- Parent company: Independent
- Founded: 1998
- Founder: Patrick Becker
- Distributor(s): CDBaby, Online music store (iTunes, Amazon.com, Zune Marketplace, etc.)
- Genre: Progressive rock, Progressive metal
- Country of origin: Switzerland
- Location: Bettlach, Switzerland
- Official website: Galileo-Records.com

= Galileo Records =

Galileo Records is a GmbH Switzerland-based record label that publishes progressive rock and metal albums. The label was formed in 1998 by Konny Eisenring, and Patrick Becker. Konny left Galileo after two years.

==Background==

Konny Eisenring and Patrick Becker got the idea of starting a label after seeing the band Xang perform in a French festival. The two contacted the band, who said they did not have a label. Eisenring and Becker decided to sign the band, and Xang's Destiny of a Dream became Galileo Record's first album. After Galileo's second artist, Metaphor, was signed, Eisenring left the company. Becker then took full control over the company. In 2005, Galileo Records was established as an LLC and a GmbH is the Swiss register.
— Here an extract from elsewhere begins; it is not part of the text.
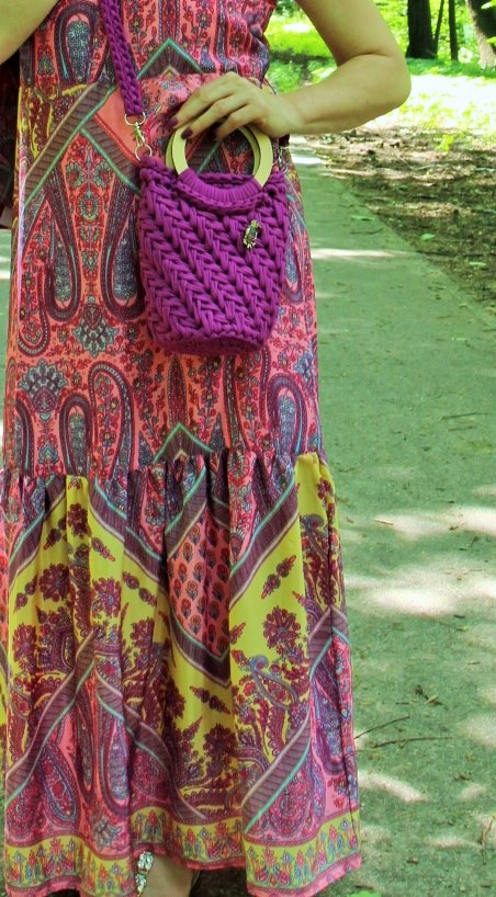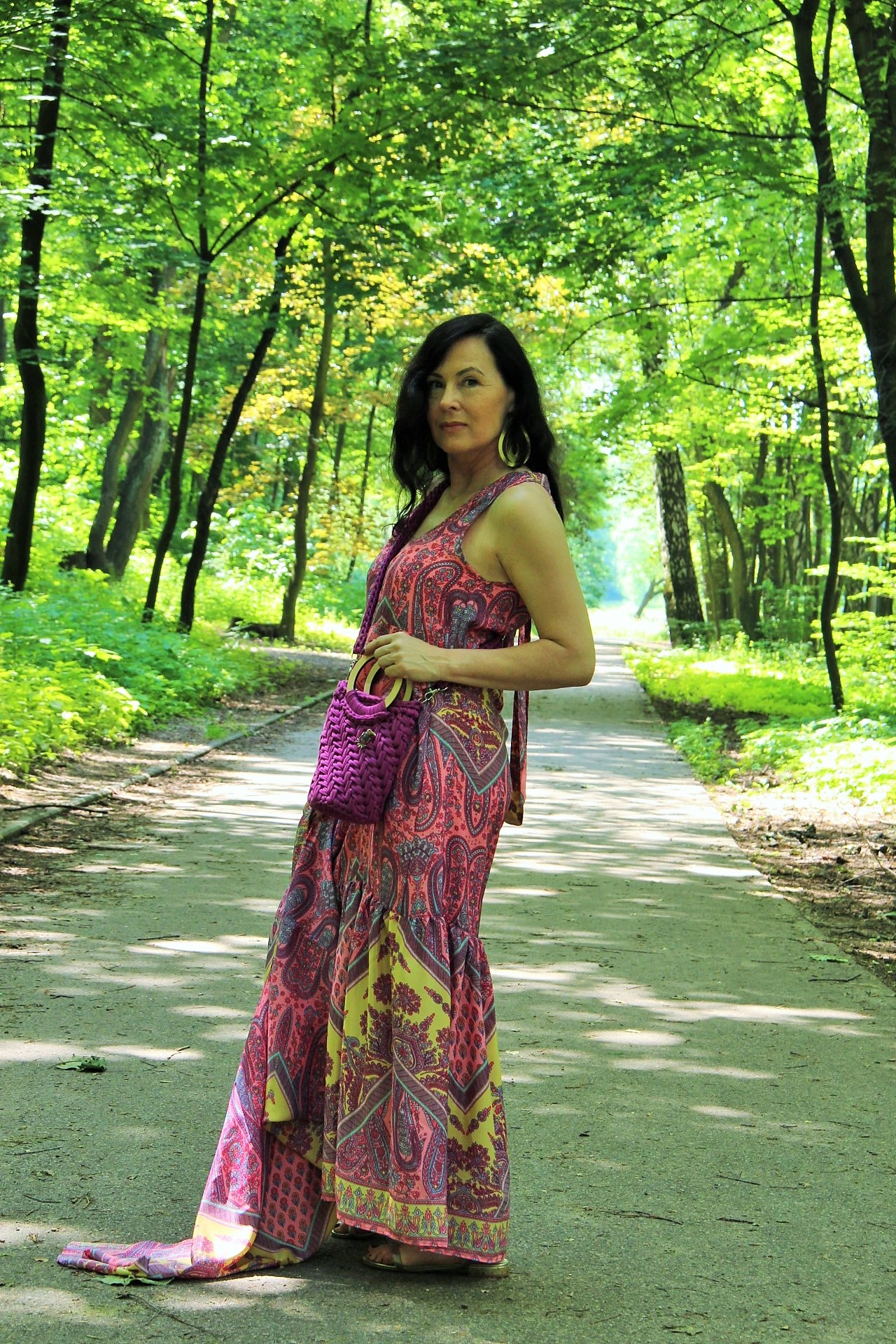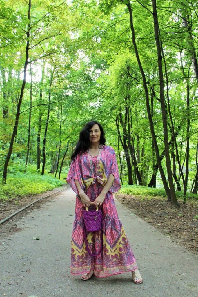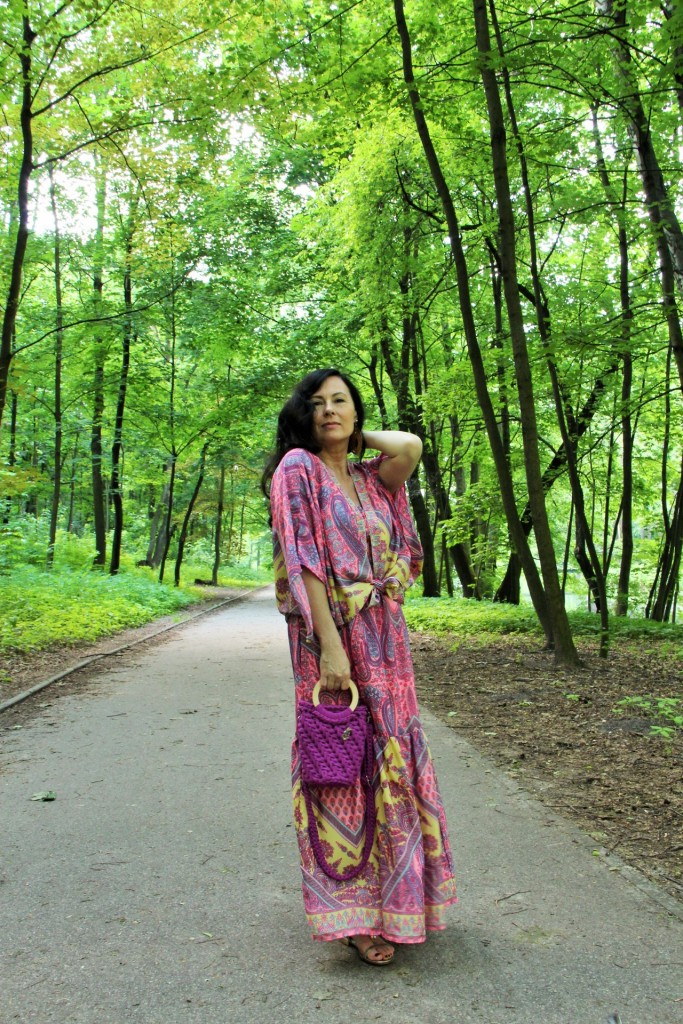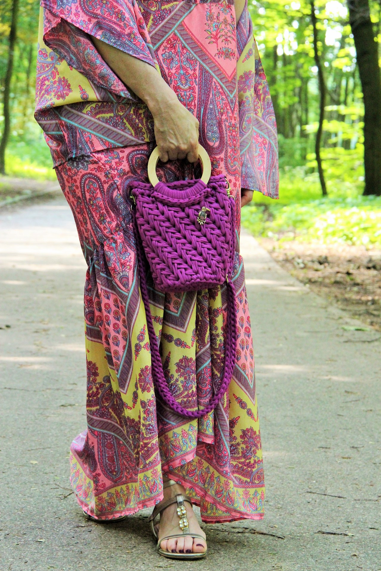 Sukienka w stylu Bollywood, lub jeśli wolisz w stylu boho sprawdzi się zarówno na garden party jak i również na weselu. W zestawie do sukienki jest krótkie kimono, które pomimo upałów może się przydać późnymi wieczorami. Aby look był bardziej orientalny, włożyłam duże, złote kolczyki oraz złote sandały, przyozdobione kryształami Swarovskiego. Z kolei wspaniałe uzupełnienie każdej stylizacji stanowią, kolorowe torebki marki Pleciuga, które ostatnio robią furorę nawet w Dubaju. Dlatego też wybrałam z tej marki, mały koszyk KARDAMON MINI w intensywnym kolorze.

==List of bands signed by Galileo Records==
- Xang (signed 1999)
- Metaphor (signed 2000)
- Forgotten Suns (signed 2000)
- Scythe (signed 2001)
- Thonk (signed 2001)
- T (signed 2002)
- Simon Says (signed 2002)
- Moongarden (signed 2003)
- Believe (signed 2006)
- Ex-Vagus (signed 2006)
- Heart of the Sun (signed 2007)
- Prisma (signed 2007)
- Daedalus (signed 2009)
- Metamorphosis (signed 2009)
- Jolly (signed 2009)
- This Misery Garden (signed 2009)
- Framepictures (signed 2010)
- Sky Architect (signed 2010)
- Atto IV (signed 2010)
- Gran Torino (signed 2010)
- My Name is Janet (signed 2011)
- Soul Secret (signed 2011)
- W.O.F (signed 2012)
- Cristiano Roversi (signed 2012)
- The Green Violinist (signed 2012)
- Zenit (signed 2012)
- Clepsydra (signed 2013)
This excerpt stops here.